En ese sentido, el nuevo proyecto incorpora reglas más claras para la publicidad en redes sociales, las ventas online y las relaciones de consumo dentro de plataformas digitales, sectores donde actualmente existen vacíos legales que generan conflictos frecuentes entre consumidores y proveedores.

Irún explicó además que gran parte de las nuevas disposiciones ya se vienen aplicando en la práctica mediante criterios administrativos y jurisprudencia, pero que ahora buscan quedar expresamente establecidas en la ley para dar mayor previsibilidad y seguridad jurídica tanto a consumidores como a empresas.

Sistema financiero

Otro de los capítulos que genera mayor debate es el relacionado con el sistema financiero y el denominado “préstamo responsable”. La propuesta establece que bancos, cooperativas y entidades financieras deberán informar y advertir con mayor claridad sobre las consecuencias de los créditos otorgados, especialmente en relación con la capacidad de pago y los riesgos de sobreendeudamiento.

Según detalló la ministra, la intención no es restringir el acceso al crédito, sino garantizar que el consumidor tome decisiones con información suficiente.
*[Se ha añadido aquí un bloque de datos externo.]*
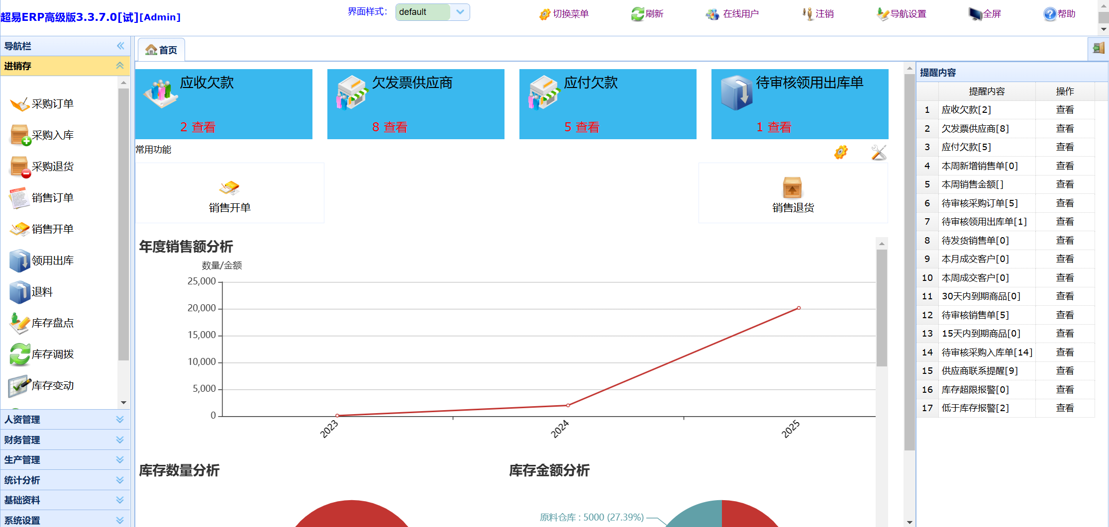 超易ERP是广州市超易信息科技有限公司积淀 17 年打造的一体化企业管理系统,专为生产制造、贸易、零售等行业中小企业量身定制,已赢得万+企业认可与信赖。系统聚焦企业核心管理痛点,构建起覆盖进销存、生产、财务、人力资源的全流程管控体系,提供标准版、专业版、高级版阶梯式解决方案,适配从基础管理到全维度管控的不同需求。
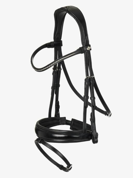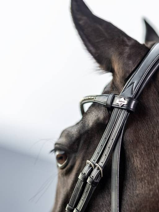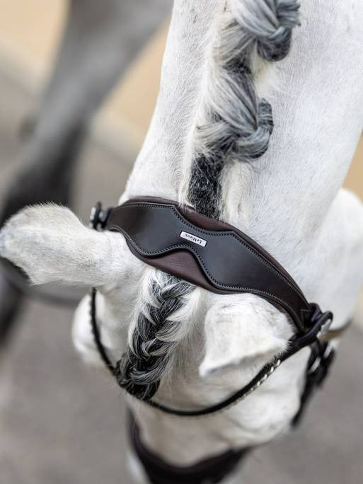 The LeMieux Dressage bridle is a classic example with a contemporary twist and is just made for the ring. The delicate, detachable clincher browband is anatomically shaped and complements the statement padded crank noseband beautifully.

Actualmente, explicó, muchas operaciones digitales se realizan de manera automática, con contratos extensos y condiciones poco comprendidas por los usuarios.

El consumidor sigue teniendo la decisión final. Lo que buscamos es que entienda las consecuencias del crédito y que el proveedor también pueda demostrar que informó correctamente”, afirmó la titular de la Sedeco.

La reforma también incorpora herramientas inéditas en Paraguay, como las acciones colectivas, que permitirán agrupar reclamos de múltiples consumidores afectados por una misma situación. La medida apunta a evitar cientos de juicios individuales por montos pequeños y fortalecer la protección colectiva.